お返事ありがとうございます。私も厳冬の本栖湖でStillWaterを振り回していた昔を思い出しました。けれど9月末をもって番手の低いロッドはしまうものだと思っていたのでC&R区間での釣りがあったとは・・・。寒河江川は鮎用に年券を持ってるのですが10月もできたのですね。来年は行ってみます。

うちのカミさんは、先週、一年を経て2度目の手術を東京で受けてきたところで、根治を信じてこれから放射線治療を受けるところです。
2度とも発見が早く、鱒で言えばリリースサイズの腫瘍。神が見逃してくれることを祈るばかりです。まぁ、夫はサイズにかかわらずリリースしているので、神もそうあるべきだと思いますがね(^^;
些細な風邪にも油断できない季節、遠方での治療はご負担も大きいでしょうが成果も大きいはずです。奥様とともにご自愛ください。ご回復を心からお祈りしています。
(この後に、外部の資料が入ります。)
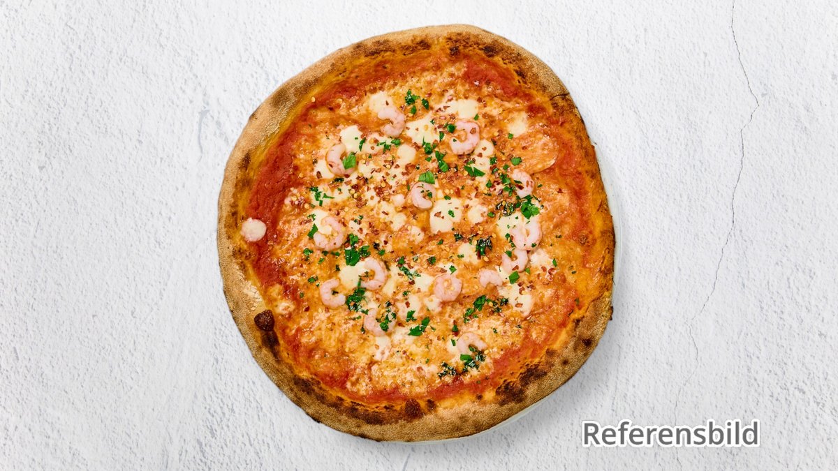 Tomatsås, mozzarella, prosciutto cotto (kokt italiensk skinka), handskalade räkor, blåmusslor, champinjoner, färsk tomat, kronärtskocka, oliver och vitlöksolja.

投稿: 川の名は | 2008/11/28 12:18

 川の名はさん、コメントに感謝です。
その後、奥様の具合は如何でしょうか?

 一昨日は日帰りで、療養中のカミさんと静岡・三島の病院まで診察を受けに出掛けてましたが、暖かい筈の三島でも冷たい富士おろしの風が吹いており、荒雄川同様の寒さが身に凍みました。

本格的な冬に向かい、カミさんの治療は日々の体調を見ながら手術へと向かって辛い治療が続いて行く状況ですが、そんな中、僅かな時間でも自分を釣りに送り出してくれるカミさんの心遣いに深く感謝しながら、この11月、初冬の川辺に立ち続けていました。
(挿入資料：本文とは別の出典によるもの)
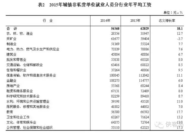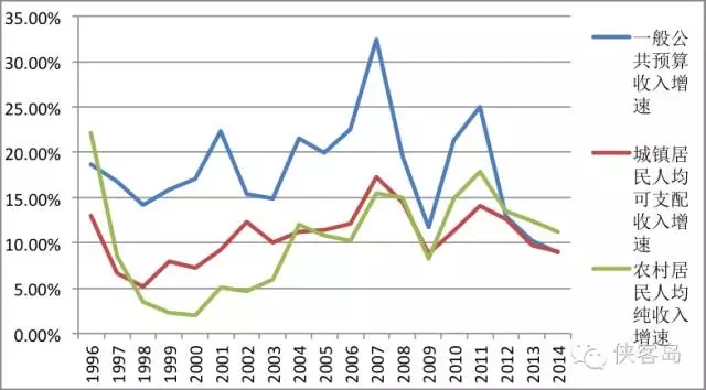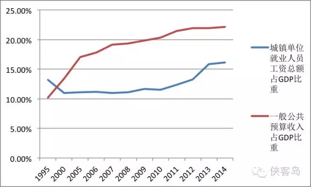 看完你会发现,2015年,就城镇非私营单位就业人员年平均工资而言,增速最低的地区中部(8.6%),比最高的西部(11.9%)低了3.3%;增速最低的行业采矿业(-3.7%),比最高的教育行业(17.7%),在2014年基数差别并不是太大的情况下,低了21.4%。同为辛辛苦苦工作的劳动者,工资差距咋就这么大呢?在此对负增长的采矿业抱以深深的同情。 但是,不是岛妹拉仇恨,为什么有的行业就能涨得又快又容易呢?看看信息传输、软件和信息技术服务业,在2014年基数已经破10万元的基础上,还涨了11.1%,这不是要逆天吗?还有金融业、科学研究和技术服务业,文化、体育和娱乐业…… 专家不是说工资增长应与经济增长和劳动生产率提高相匹配吗?去年的经济增速是6.9%,劳动生产率增长率增速是6.6%,那些远超两项指标的行业又是如何做到自带光环的? 这固然与当前互联网相关行业处于发展风口、一些行业固有优势较强等有关,但如果困难行业普通劳动者的工资福利水平还这么龟速地增长,对优势行业过快增长的工资水平不及时调整,只会让社会贫富分化更严重,埋下更多社会矛盾的引子。 没有对比就没有伤害。这边是大中城市房价高企,那边是高收入人群通过投资不动产等手段获得的财产性收入不断增加,对于增收渠道匮乏、每月只能眼巴巴指望一张工资卡的普通劳动者而言,还房贷、还信用卡、老人看病、孩子上学,哪一样不花钱?再看看工资单,更觉得增长成了龟速。 工资上涨为什么这么难? 其实岛妹也很纳闷,过去几十年,GDP的蛋糕越做越大,可为什么工资想涨得快点就这么难呢? 先来看看固有的分配体制。表1显示,1995年到2014年间,绝大部分年份,城镇单位就业人员工资总额占GDP比重远远低于一般公共预算收入占GDP比重,悬殊最大的2011年达9.08%,后者几乎是前者的两倍。 表2的3条线则更加明显,1996年到2004年的19年间,城乡居民收入在增速在大部分时候都没有跑赢一般公共预算收入增速。

 荒雄の禁漁まで残すところあと数日、初冬の夕暮れに起こる鱒達のライズシーンを思い浮かべながら、また釣り旅の支度に取り掛かろうと思います。

 川の名はさんの良い釣り旅を祈っています。
どうぞ、またお立ち寄り下さい。

投稿: 管理人・Nob | 2008/11/27 21:36

まだこの時期でも釣りができるのですね。しかし、いつもながら見事な鱒を仕留められますね〜。今期もう一度ぐらい行かれるのでしょうか。その情熱がうらやましいです。